▶ _REQUIREMENT_
Retype, please, the listing from its opening line through the line that contains "Přízemní rodinný dům", both included, without the pictures.

▶ _SUPPLIED RECORDS_
--------------------

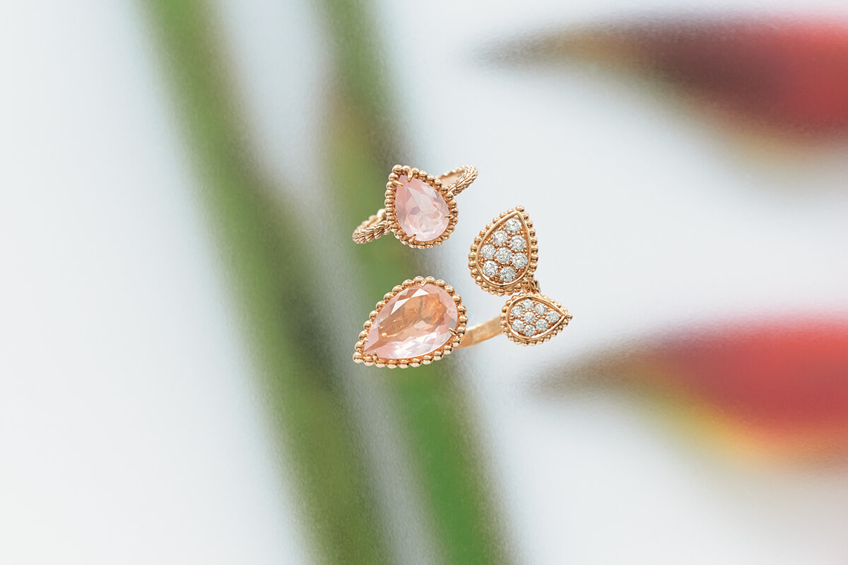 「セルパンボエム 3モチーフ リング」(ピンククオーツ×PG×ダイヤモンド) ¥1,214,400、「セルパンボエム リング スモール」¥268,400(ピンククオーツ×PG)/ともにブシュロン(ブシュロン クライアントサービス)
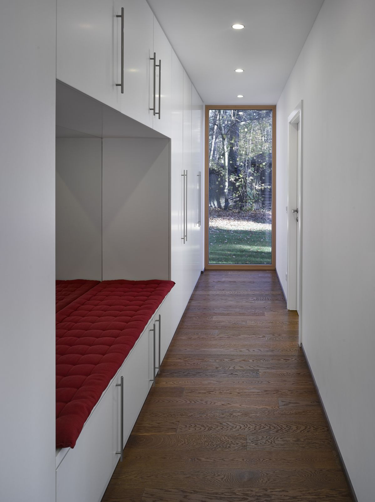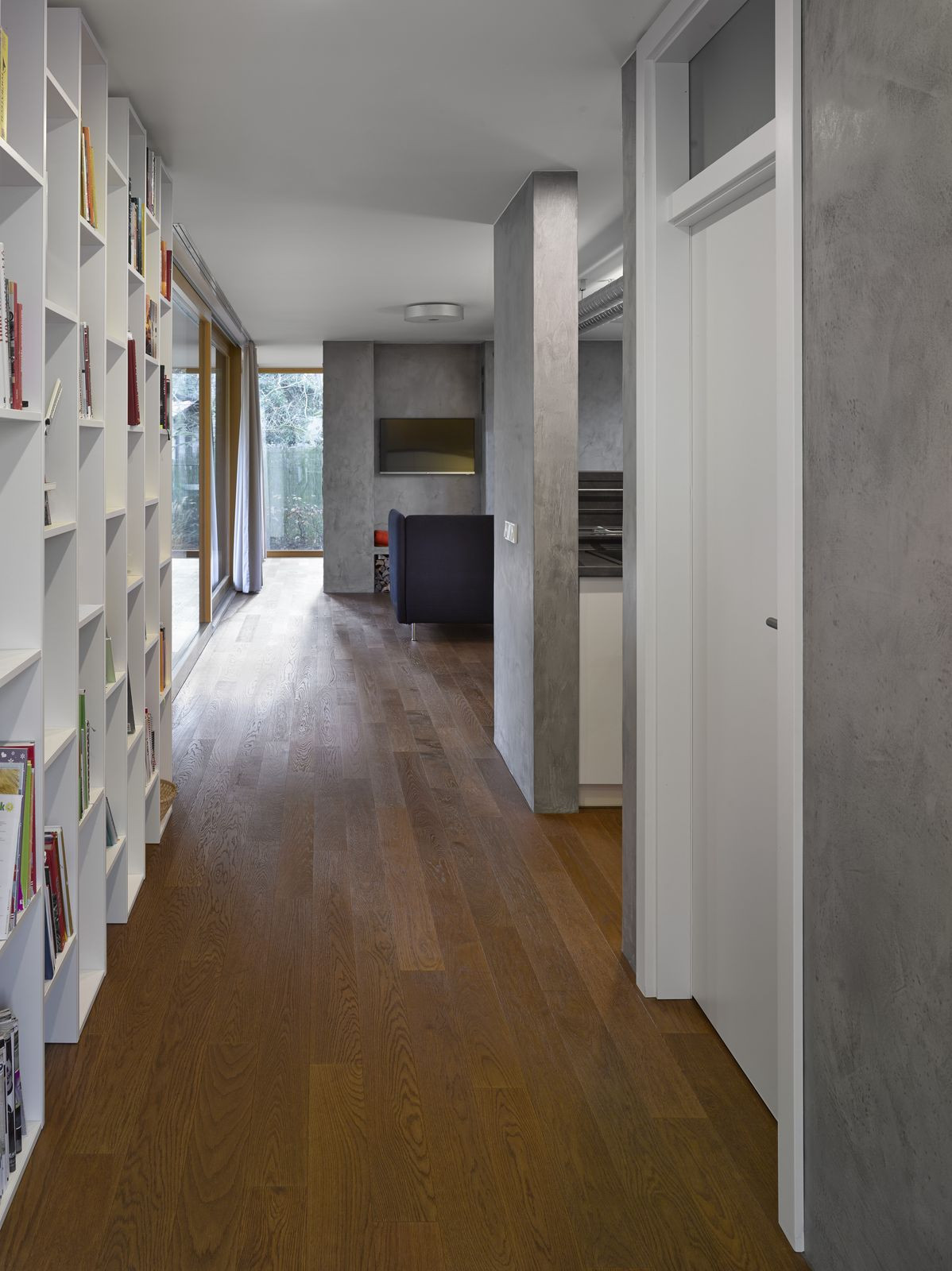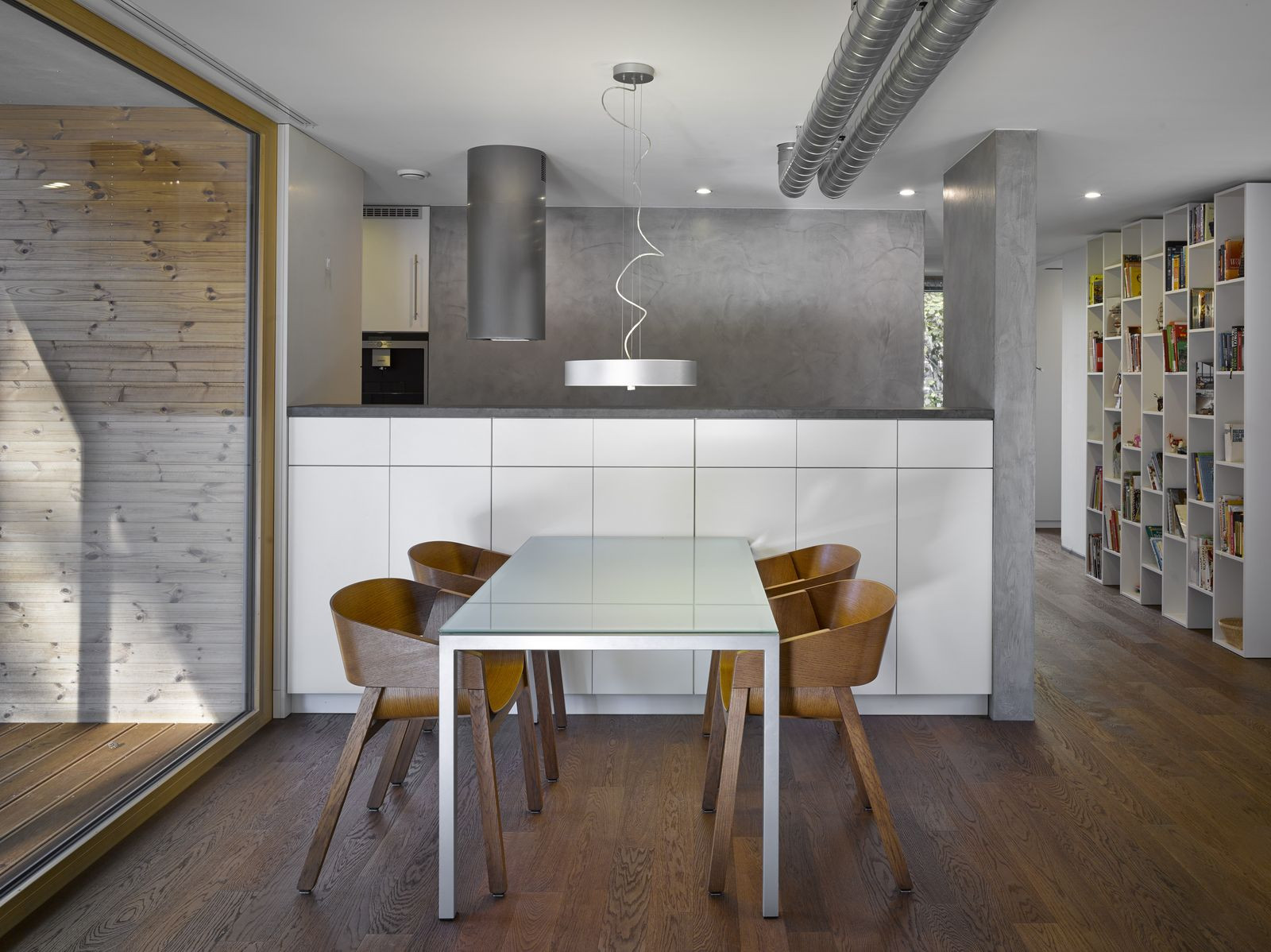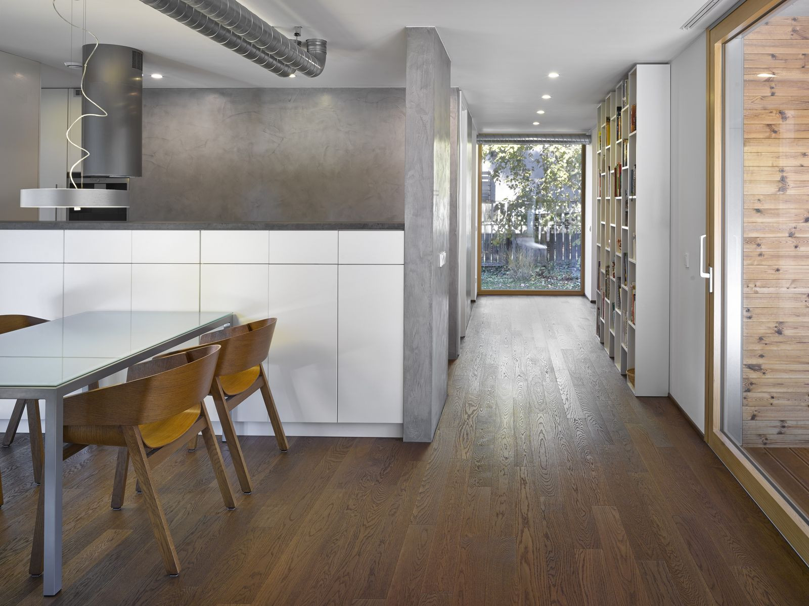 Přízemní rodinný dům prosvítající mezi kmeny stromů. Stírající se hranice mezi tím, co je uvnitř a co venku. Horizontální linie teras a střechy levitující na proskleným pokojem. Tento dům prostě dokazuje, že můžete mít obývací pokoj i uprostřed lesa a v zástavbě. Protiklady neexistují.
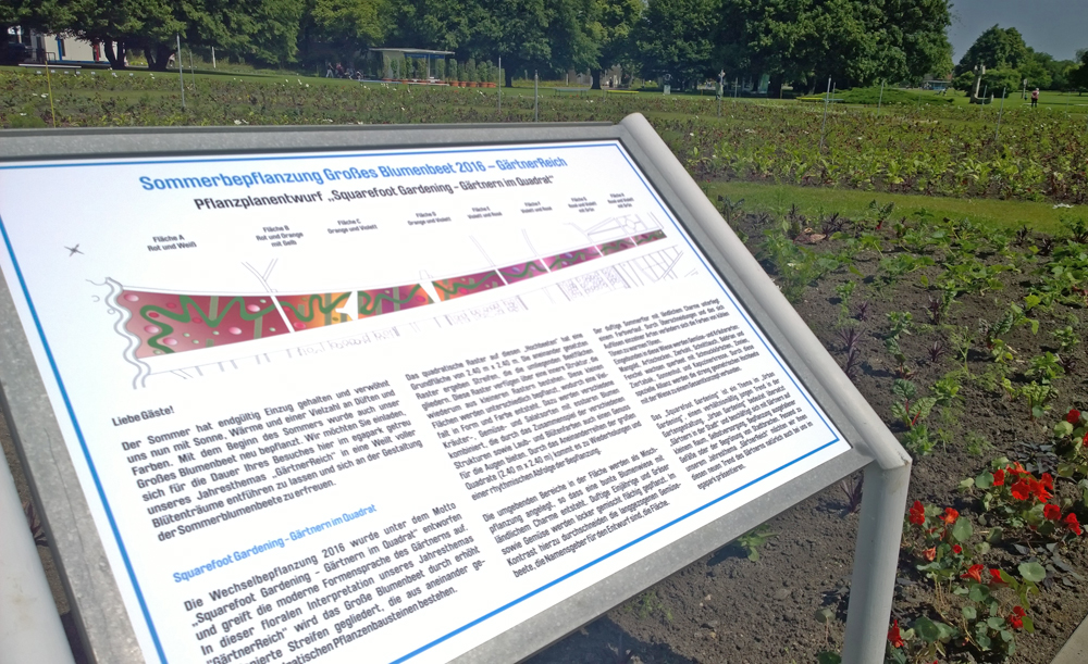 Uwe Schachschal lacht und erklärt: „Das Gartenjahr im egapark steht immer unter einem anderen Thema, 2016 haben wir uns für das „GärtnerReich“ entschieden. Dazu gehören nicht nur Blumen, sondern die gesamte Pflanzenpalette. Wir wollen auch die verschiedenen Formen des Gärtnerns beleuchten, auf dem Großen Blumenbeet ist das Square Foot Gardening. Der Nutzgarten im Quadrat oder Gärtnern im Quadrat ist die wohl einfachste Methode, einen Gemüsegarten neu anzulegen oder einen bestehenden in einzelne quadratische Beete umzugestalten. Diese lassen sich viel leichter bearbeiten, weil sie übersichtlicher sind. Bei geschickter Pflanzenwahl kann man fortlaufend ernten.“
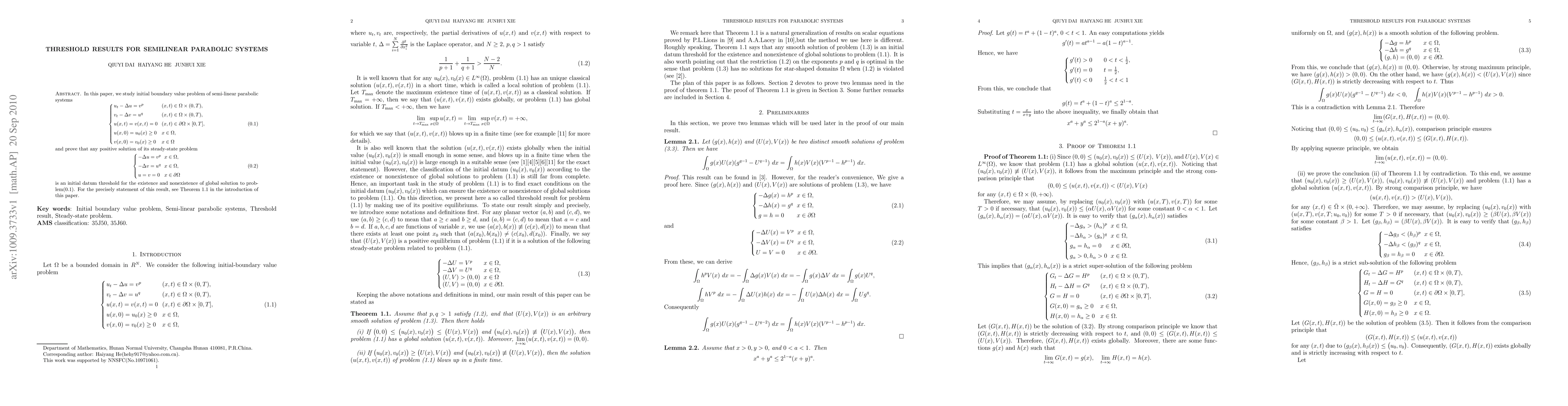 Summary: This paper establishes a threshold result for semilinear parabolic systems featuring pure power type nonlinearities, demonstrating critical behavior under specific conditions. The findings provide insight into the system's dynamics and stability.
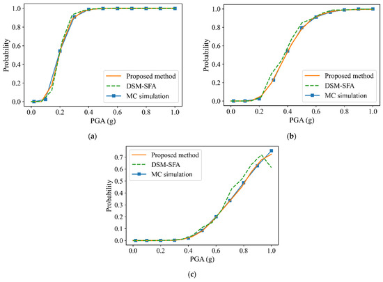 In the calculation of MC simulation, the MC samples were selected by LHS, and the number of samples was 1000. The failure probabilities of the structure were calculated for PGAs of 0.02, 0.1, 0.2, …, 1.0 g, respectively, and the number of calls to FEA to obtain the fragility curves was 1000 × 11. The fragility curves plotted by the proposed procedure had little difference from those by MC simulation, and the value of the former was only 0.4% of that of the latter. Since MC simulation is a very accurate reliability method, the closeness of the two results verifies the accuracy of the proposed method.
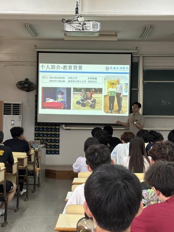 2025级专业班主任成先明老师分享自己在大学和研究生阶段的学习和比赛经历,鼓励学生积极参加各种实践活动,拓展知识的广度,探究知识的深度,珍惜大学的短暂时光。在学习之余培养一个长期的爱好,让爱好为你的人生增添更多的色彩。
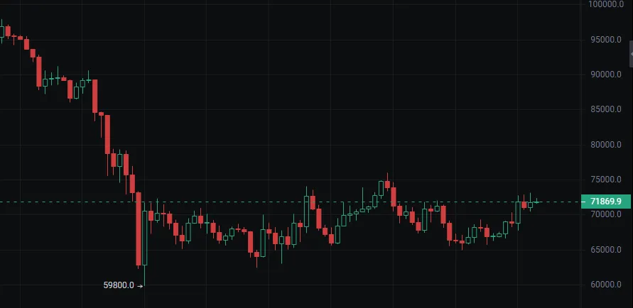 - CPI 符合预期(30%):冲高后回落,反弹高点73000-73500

--------------------

▶ _THE ANSWER_
 「セルパンボエム 3モチーフ リング」(ピンククオーツ×PG×ダイヤモンド) ¥1,214,400、「セルパンボエム リング スモール」¥268,400(ピンククオーツ×PG)/ともにブシュロン(ブシュロン クライアントサービス)
 Přízemní rodinný dům prosvítající mezi kmeny stromů. Stírající se hranice mezi tím, co je uvnitř a co venku. Horizontální linie teras a střechy levitující na proskleným pokojem. Tento dům prostě dokazuje, že můžete mít obývací pokoj i uprostřed lesa a v zástavbě. Protiklady neexistují.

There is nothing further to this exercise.